Your task: Print the lines that start the entries and continue through the one holding "L形关节折叠式锁扣加固使用时", please, exactly and with the pictures omitted.

══════════

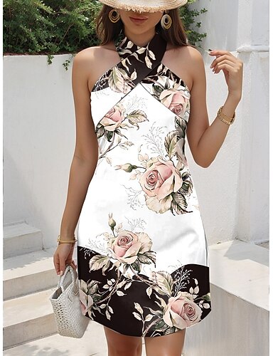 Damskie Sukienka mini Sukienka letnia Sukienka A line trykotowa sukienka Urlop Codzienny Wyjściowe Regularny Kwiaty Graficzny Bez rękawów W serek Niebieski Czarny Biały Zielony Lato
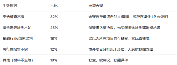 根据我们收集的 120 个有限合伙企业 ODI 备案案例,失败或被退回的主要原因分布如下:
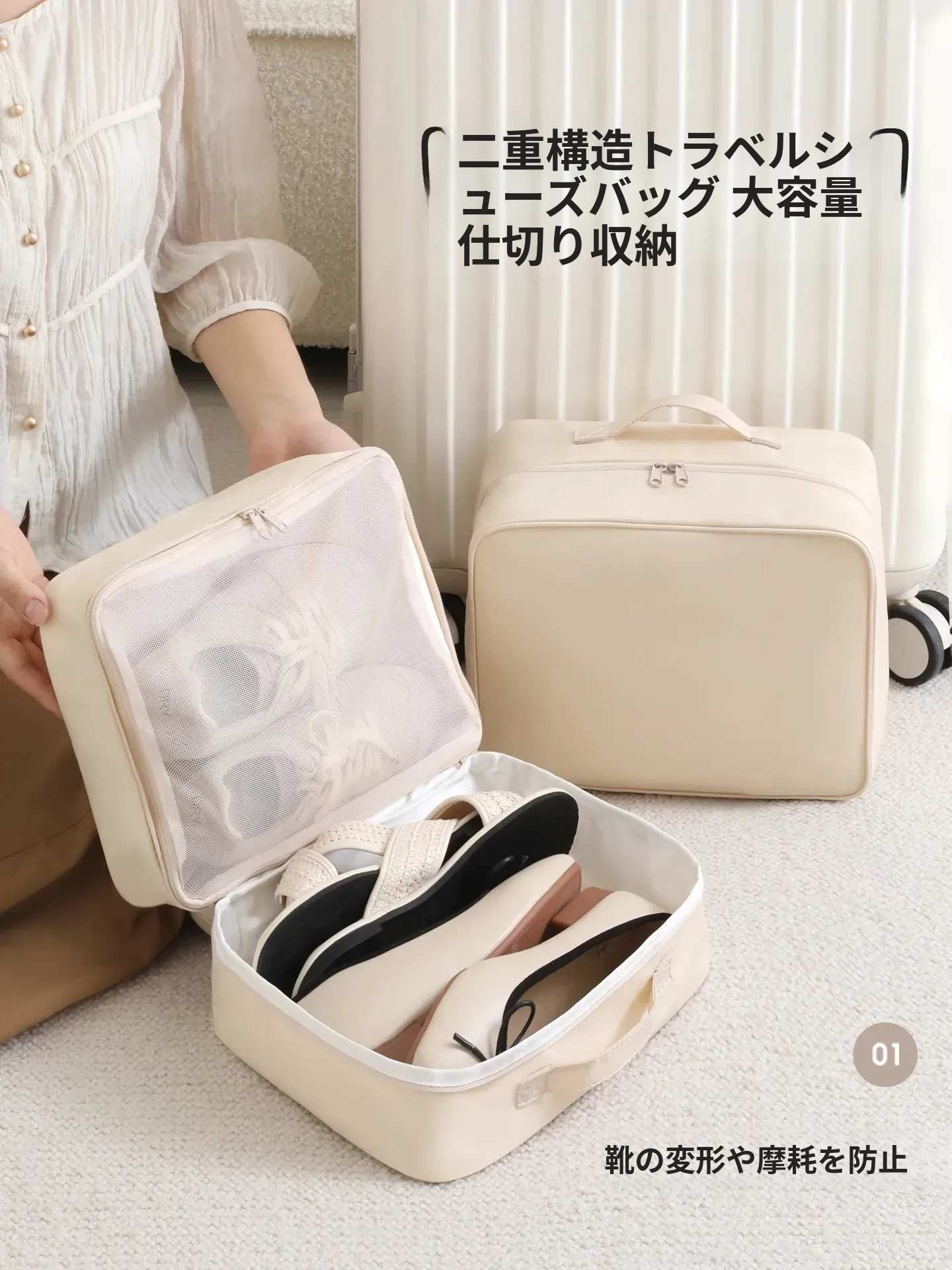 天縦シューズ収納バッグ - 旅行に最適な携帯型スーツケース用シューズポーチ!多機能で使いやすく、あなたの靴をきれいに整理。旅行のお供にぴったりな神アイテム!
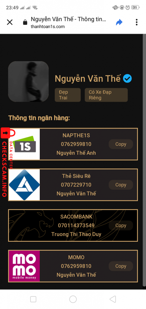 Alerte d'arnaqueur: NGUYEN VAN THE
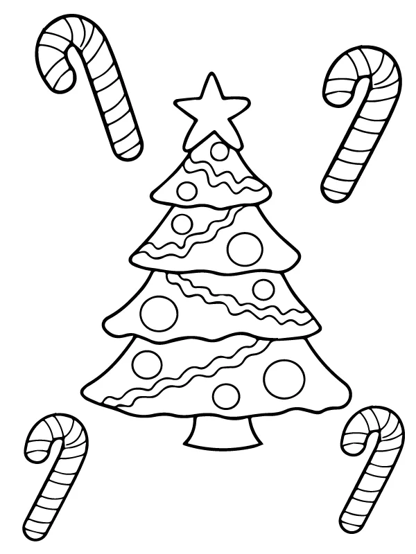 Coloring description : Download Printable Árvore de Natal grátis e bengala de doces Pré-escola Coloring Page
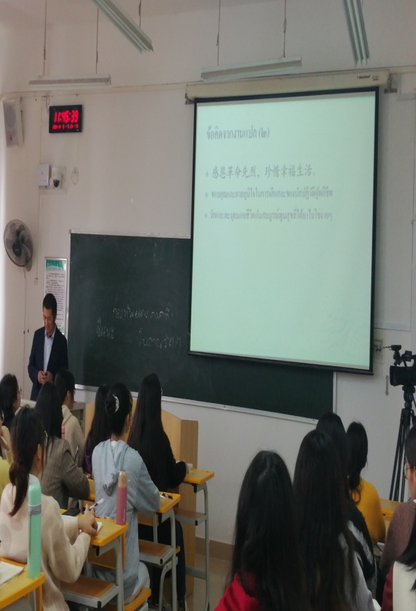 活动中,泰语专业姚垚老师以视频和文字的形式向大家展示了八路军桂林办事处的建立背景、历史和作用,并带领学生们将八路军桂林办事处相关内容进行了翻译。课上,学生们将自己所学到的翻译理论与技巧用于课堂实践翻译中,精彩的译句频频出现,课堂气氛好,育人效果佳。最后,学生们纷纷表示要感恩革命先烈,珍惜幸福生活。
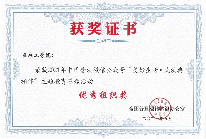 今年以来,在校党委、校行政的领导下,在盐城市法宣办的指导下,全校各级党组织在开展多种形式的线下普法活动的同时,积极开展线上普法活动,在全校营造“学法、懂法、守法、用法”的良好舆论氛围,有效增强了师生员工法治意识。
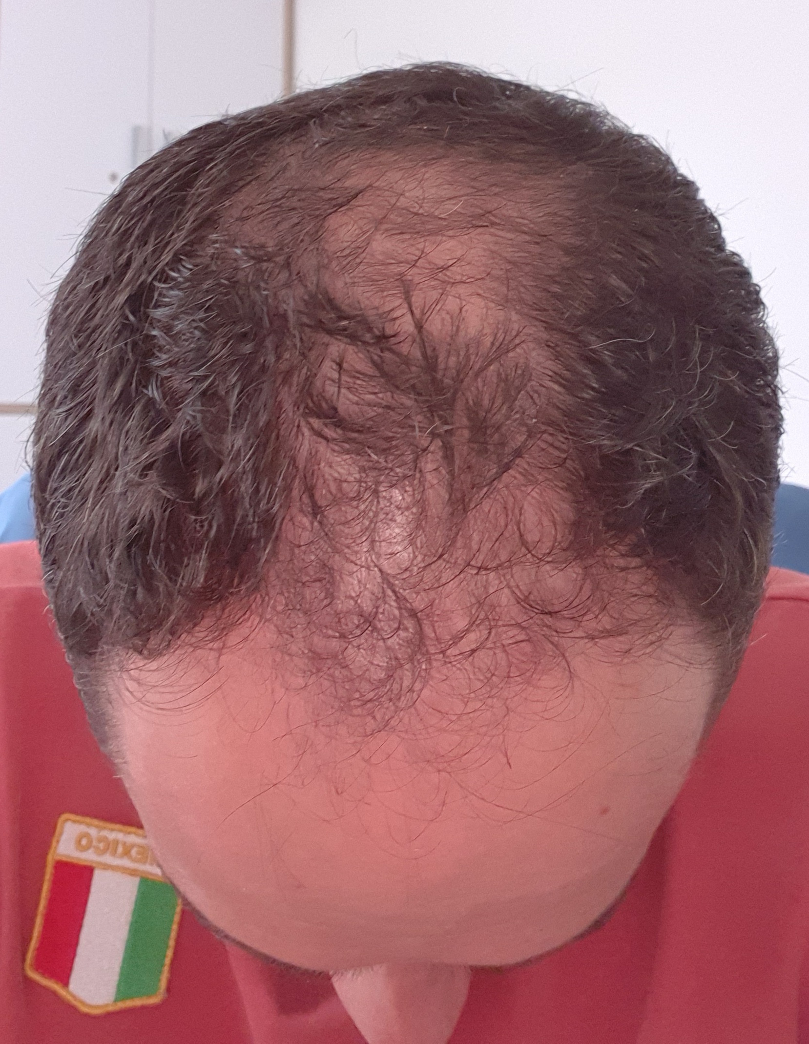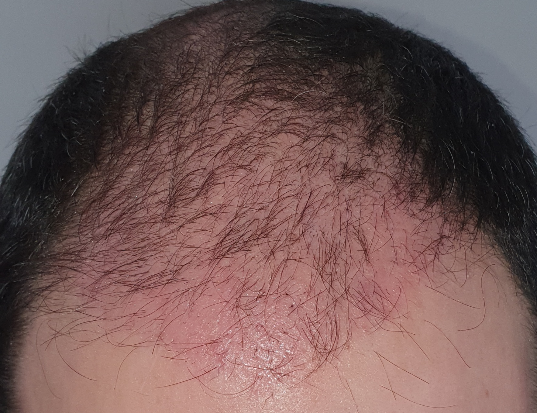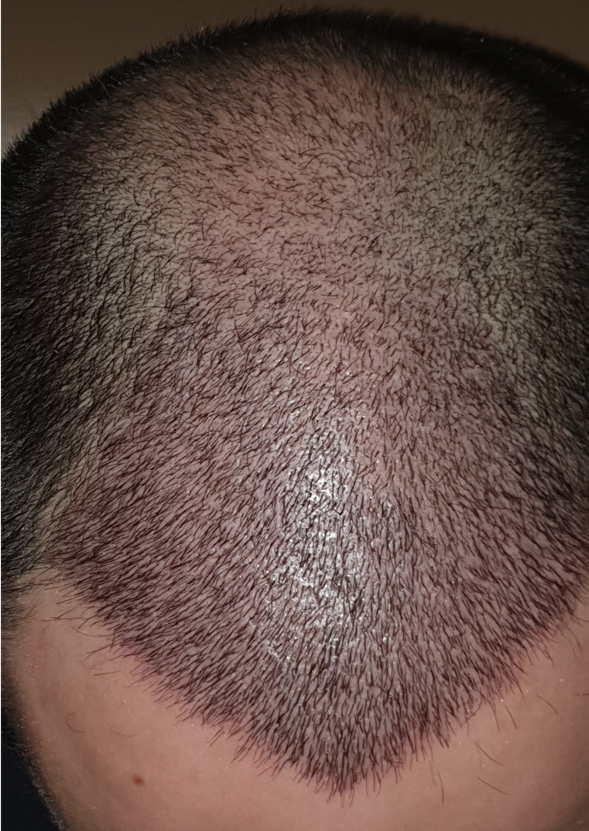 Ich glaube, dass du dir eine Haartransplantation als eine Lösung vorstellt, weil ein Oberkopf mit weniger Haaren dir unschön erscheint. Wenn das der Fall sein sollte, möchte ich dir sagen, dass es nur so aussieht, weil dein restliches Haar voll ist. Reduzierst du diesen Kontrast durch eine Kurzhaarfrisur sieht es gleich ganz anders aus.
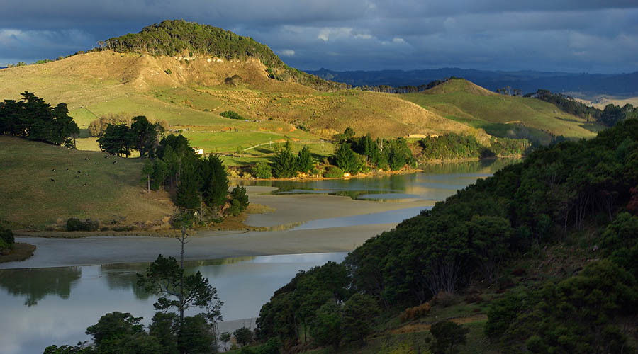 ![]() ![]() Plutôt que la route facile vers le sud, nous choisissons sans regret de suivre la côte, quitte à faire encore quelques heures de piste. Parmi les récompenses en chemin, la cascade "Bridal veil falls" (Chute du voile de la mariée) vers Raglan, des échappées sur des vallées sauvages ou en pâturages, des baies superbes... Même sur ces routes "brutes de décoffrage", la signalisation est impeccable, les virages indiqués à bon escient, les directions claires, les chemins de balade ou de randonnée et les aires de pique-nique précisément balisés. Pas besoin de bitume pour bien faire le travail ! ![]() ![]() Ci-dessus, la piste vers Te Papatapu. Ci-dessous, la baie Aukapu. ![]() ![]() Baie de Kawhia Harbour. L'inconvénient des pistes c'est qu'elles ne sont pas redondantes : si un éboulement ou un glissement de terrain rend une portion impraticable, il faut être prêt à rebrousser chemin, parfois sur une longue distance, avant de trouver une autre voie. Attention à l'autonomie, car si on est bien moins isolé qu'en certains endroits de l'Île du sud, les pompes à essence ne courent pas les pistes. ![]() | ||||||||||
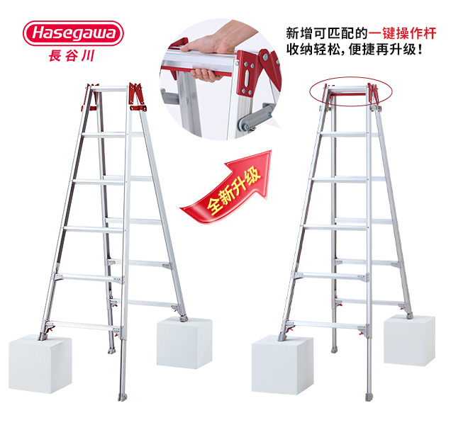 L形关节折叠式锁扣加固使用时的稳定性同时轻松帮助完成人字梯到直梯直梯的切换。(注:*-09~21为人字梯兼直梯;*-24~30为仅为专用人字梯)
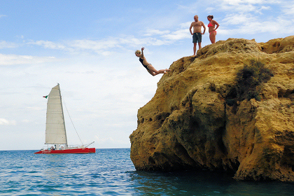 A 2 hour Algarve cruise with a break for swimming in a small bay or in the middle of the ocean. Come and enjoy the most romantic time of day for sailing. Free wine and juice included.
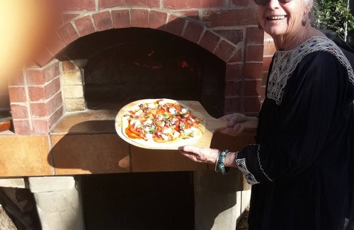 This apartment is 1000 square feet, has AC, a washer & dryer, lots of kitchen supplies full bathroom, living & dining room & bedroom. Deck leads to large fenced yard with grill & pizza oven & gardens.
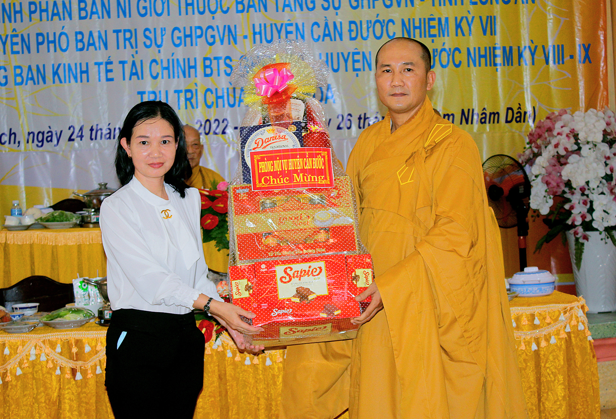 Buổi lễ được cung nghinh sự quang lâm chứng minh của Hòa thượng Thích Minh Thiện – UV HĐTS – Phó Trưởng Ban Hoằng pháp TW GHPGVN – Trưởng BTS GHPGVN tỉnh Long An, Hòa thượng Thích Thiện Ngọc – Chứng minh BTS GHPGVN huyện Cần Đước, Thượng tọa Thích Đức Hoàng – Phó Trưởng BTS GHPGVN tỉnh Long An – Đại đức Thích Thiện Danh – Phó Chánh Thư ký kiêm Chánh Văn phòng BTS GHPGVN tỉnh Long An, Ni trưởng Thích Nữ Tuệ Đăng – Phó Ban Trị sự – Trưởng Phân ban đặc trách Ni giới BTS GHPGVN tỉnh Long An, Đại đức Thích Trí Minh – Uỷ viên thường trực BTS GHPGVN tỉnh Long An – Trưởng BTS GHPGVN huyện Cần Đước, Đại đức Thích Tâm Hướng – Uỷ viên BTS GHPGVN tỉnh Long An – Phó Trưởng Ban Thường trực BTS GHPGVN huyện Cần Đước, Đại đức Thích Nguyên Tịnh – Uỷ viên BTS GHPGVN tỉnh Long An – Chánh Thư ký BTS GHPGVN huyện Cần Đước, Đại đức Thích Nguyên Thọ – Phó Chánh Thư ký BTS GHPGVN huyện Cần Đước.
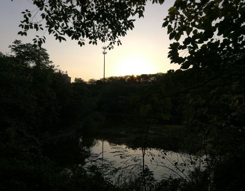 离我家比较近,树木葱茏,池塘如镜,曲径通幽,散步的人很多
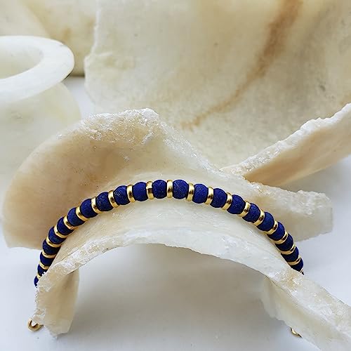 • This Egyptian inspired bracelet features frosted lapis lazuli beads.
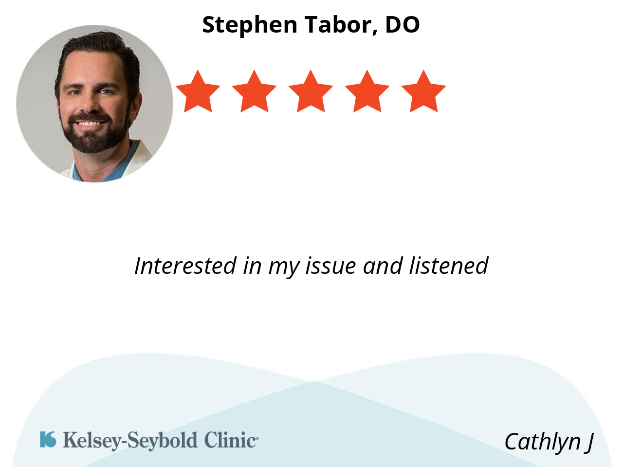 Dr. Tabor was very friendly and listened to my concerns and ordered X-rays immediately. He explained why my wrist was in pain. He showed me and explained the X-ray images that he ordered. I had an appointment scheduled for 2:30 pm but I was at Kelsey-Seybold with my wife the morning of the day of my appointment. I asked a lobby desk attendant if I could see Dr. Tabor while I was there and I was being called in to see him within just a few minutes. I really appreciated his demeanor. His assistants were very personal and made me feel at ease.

══════════

Exercise response:
 Damskie Sukienka mini Sukienka letnia Sukienka A line trykotowa sukienka Urlop Codzienny Wyjściowe Regularny Kwiaty Graficzny Bez rękawów W serek Niebieski Czarny Biały Zielony Lato
 根据我们收集的 120 个有限合伙企业 ODI 备案案例,失败或被退回的主要原因分布如下:
 天縦シューズ収納バッグ - 旅行に最適な携帯型スーツケース用シューズポーチ!多機能で使いやすく、あなたの靴をきれいに整理。旅行のお供にぴったりな神アイテム!
 Alerte d'arnaqueur: NGUYEN VAN THE
 Coloring description : Download Printable Árvore de Natal grátis e bengala de doces Pré-escola Coloring Page
 活动中,泰语专业姚垚老师以视频和文字的形式向大家展示了八路军桂林办事处的建立背景、历史和作用,并带领学生们将八路军桂林办事处相关内容进行了翻译。课上,学生们将自己所学到的翻译理论与技巧用于课堂实践翻译中,精彩的译句频频出现,课堂气氛好,育人效果佳。最后,学生们纷纷表示要感恩革命先烈,珍惜幸福生活。
 今年以来,在校党委、校行政的领导下,在盐城市法宣办的指导下,全校各级党组织在开展多种形式的线下普法活动的同时,积极开展线上普法活动,在全校营造“学法、懂法、守法、用法”的良好舆论氛围,有效增强了师生员工法治意识。
 Ich glaube, dass du dir eine Haartransplantation als eine Lösung vorstellt, weil ein Oberkopf mit weniger Haaren dir unschön erscheint. Wenn das der Fall sein sollte, möchte ich dir sagen, dass es nur so aussieht, weil dein restliches Haar voll ist. Reduzierst du diesen Kontrast durch eine Kurzhaarfrisur sieht es gleich ganz anders aus.
 ![]() ![]() Plutôt que la route facile vers le sud, nous choisissons sans regret de suivre la côte, quitte à faire encore quelques heures de piste. Parmi les récompenses en chemin, la cascade "Bridal veil falls" (Chute du voile de la mariée) vers Raglan, des échappées sur des vallées sauvages ou en pâturages, des baies superbes... Même sur ces routes "brutes de décoffrage", la signalisation est impeccable, les virages indiqués à bon escient, les directions claires, les chemins de balade ou de randonnée et les aires de pique-nique précisément balisés. Pas besoin de bitume pour bien faire le travail ! ![]() ![]() Ci-dessus, la piste vers Te Papatapu. Ci-dessous, la baie Aukapu. ![]() ![]() Baie de Kawhia Harbour. L'inconvénient des pistes c'est qu'elles ne sont pas redondantes : si un éboulement ou un glissement de terrain rend une portion impraticable, il faut être prêt à rebrousser chemin, parfois sur une longue distance, avant de trouver une autre voie. Attention à l'autonomie, car si on est bien moins isolé qu'en certains endroits de l'Île du sud, les pompes à essence ne courent pas les pistes. ![]() | ||||||||||
 L形关节折叠式锁扣加固使用时的稳定性同时轻松帮助完成人字梯到直梯直梯的切换。(注:*-09~21为人字梯兼直梯;*-24~30为仅为专用人字梯)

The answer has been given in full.